ACTIVITY.
The reply should be an exact repeat of the listing, with no pictures in it.
··· DATA BLOCK ···
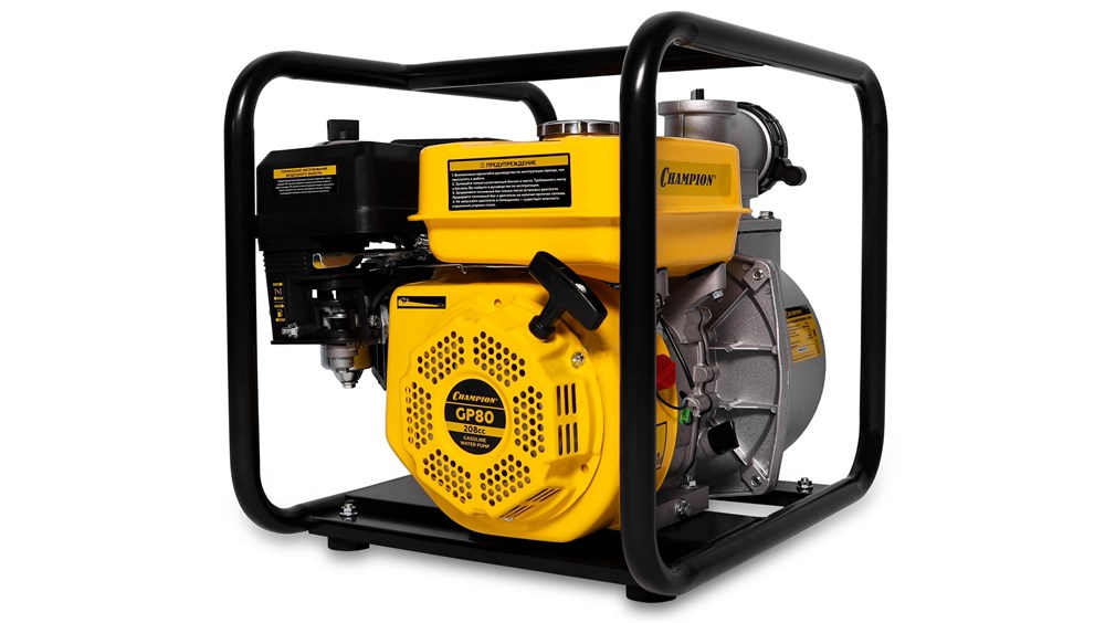 Мотопомпа CHAMPION GP80 предназначена для перекачки воды. Оснащена четырехтактным двигателем мощностью в 7 лошадиных сил, который позволяет перекачивать 1000 литров воды в минуту.
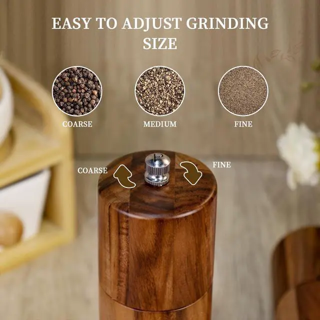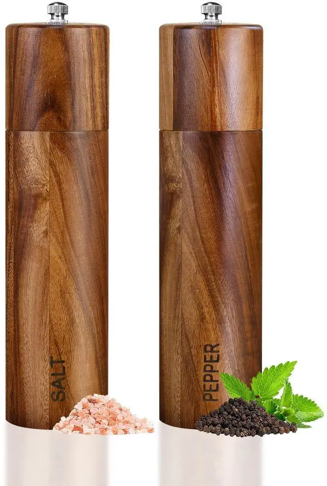 - From seasoning your morning eggs to enhancing the flavor of dinner dishes, the Acacia Wood Salt and Pepper Grinder Set ensures fresh, flavorful results every time. Whether you're making a gourmet meal or a quick snack, the adjustable grind settings and smooth operation meets satisfaction.
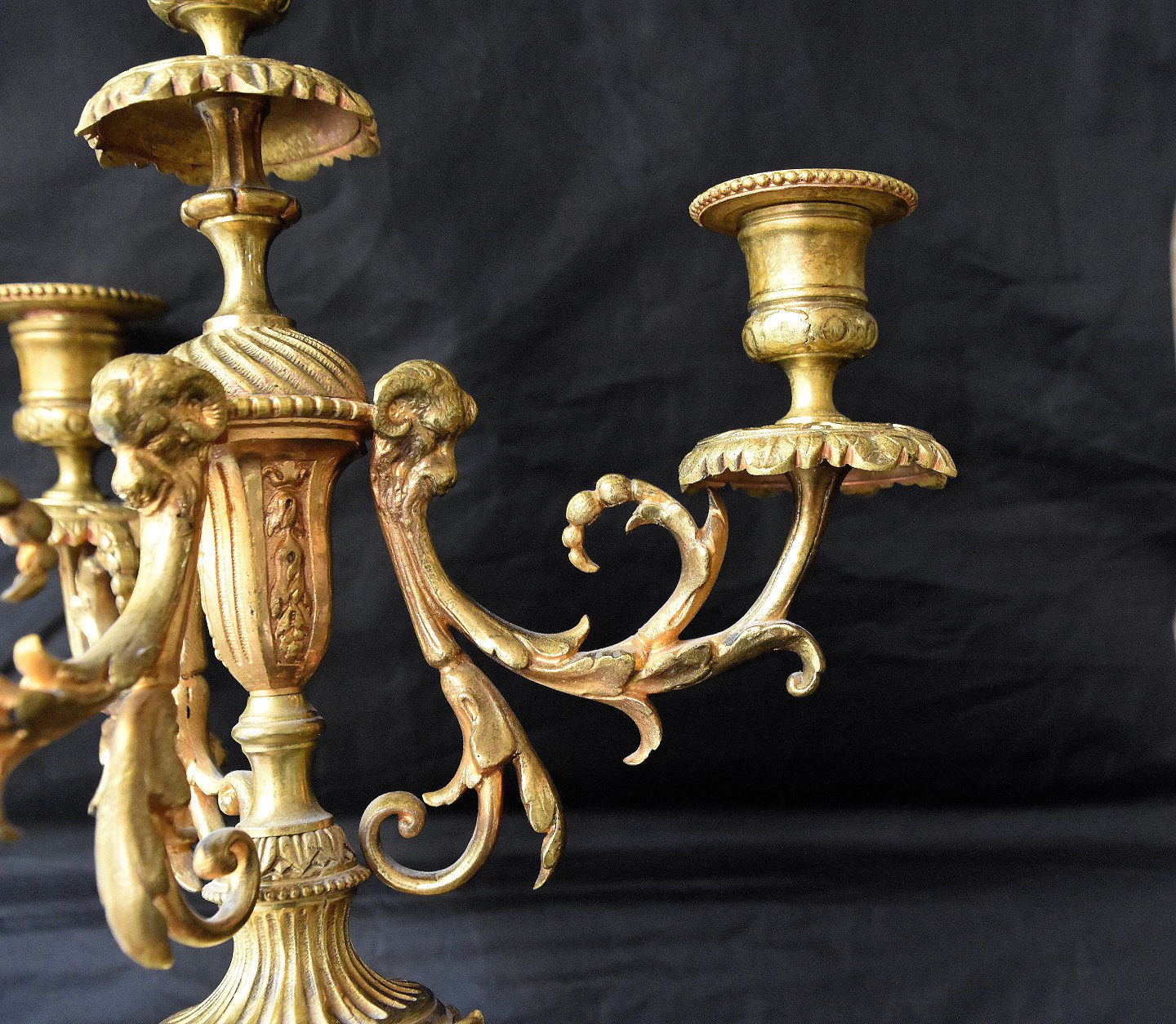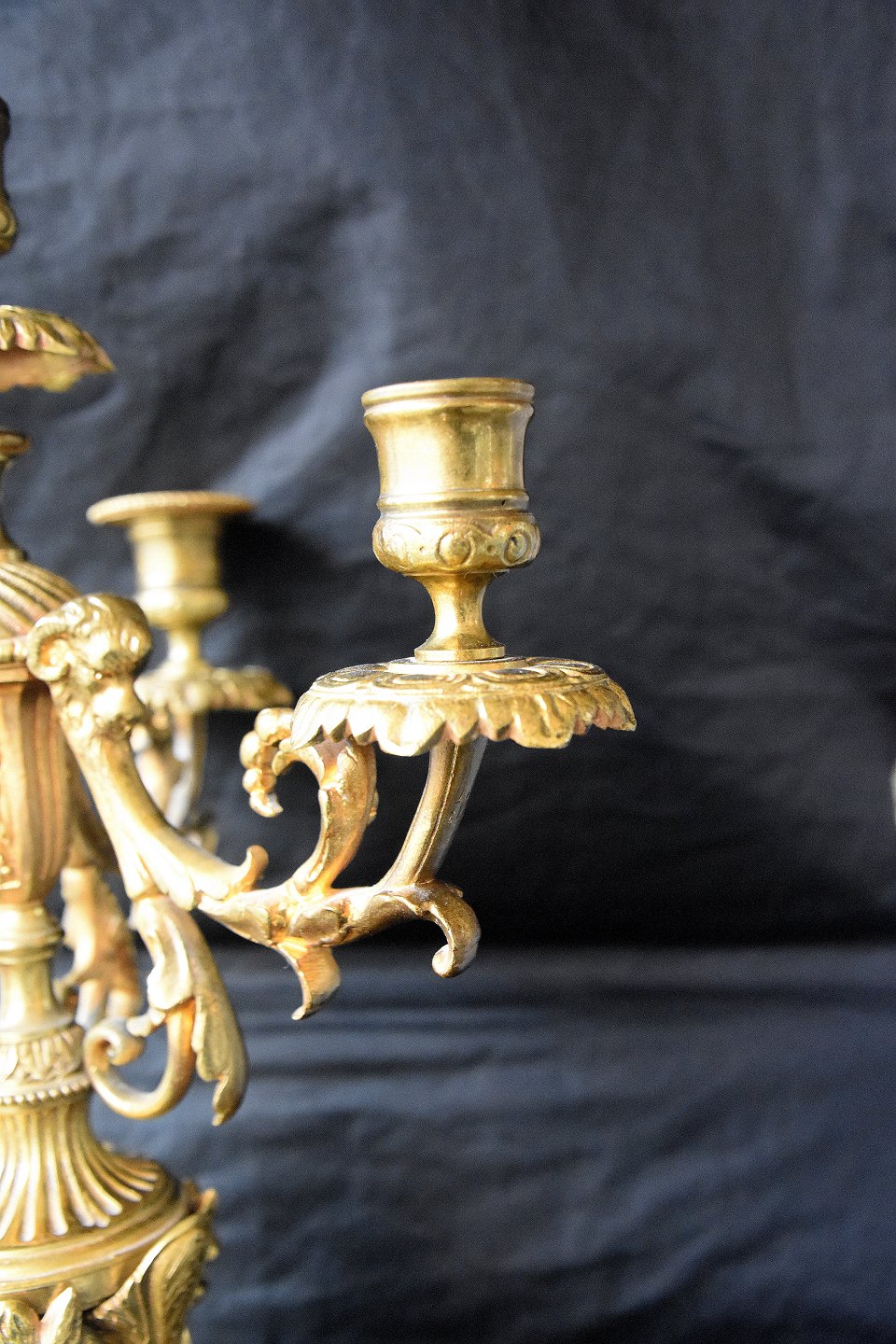 Antik, 5-armet, kandelaber, lysestage, patina, fransk
···
TASK OUTPUT.
 Мотопомпа CHAMPION GP80 предназначена для перекачки воды. Оснащена четырехтактным двигателем мощностью в 7 лошадиных сил, который позволяет перекачивать 1000 литров воды в минуту.
 - From seasoning your morning eggs to enhancing the flavor of dinner dishes, the Acacia Wood Salt and Pepper Grinder Set ensures fresh, flavorful results every time. Whether you're making a gourmet meal or a quick snack, the adjustable grind settings and smooth operation meets satisfaction.
 Antik, 5-armet, kandelaber, lysestage, patina, fransk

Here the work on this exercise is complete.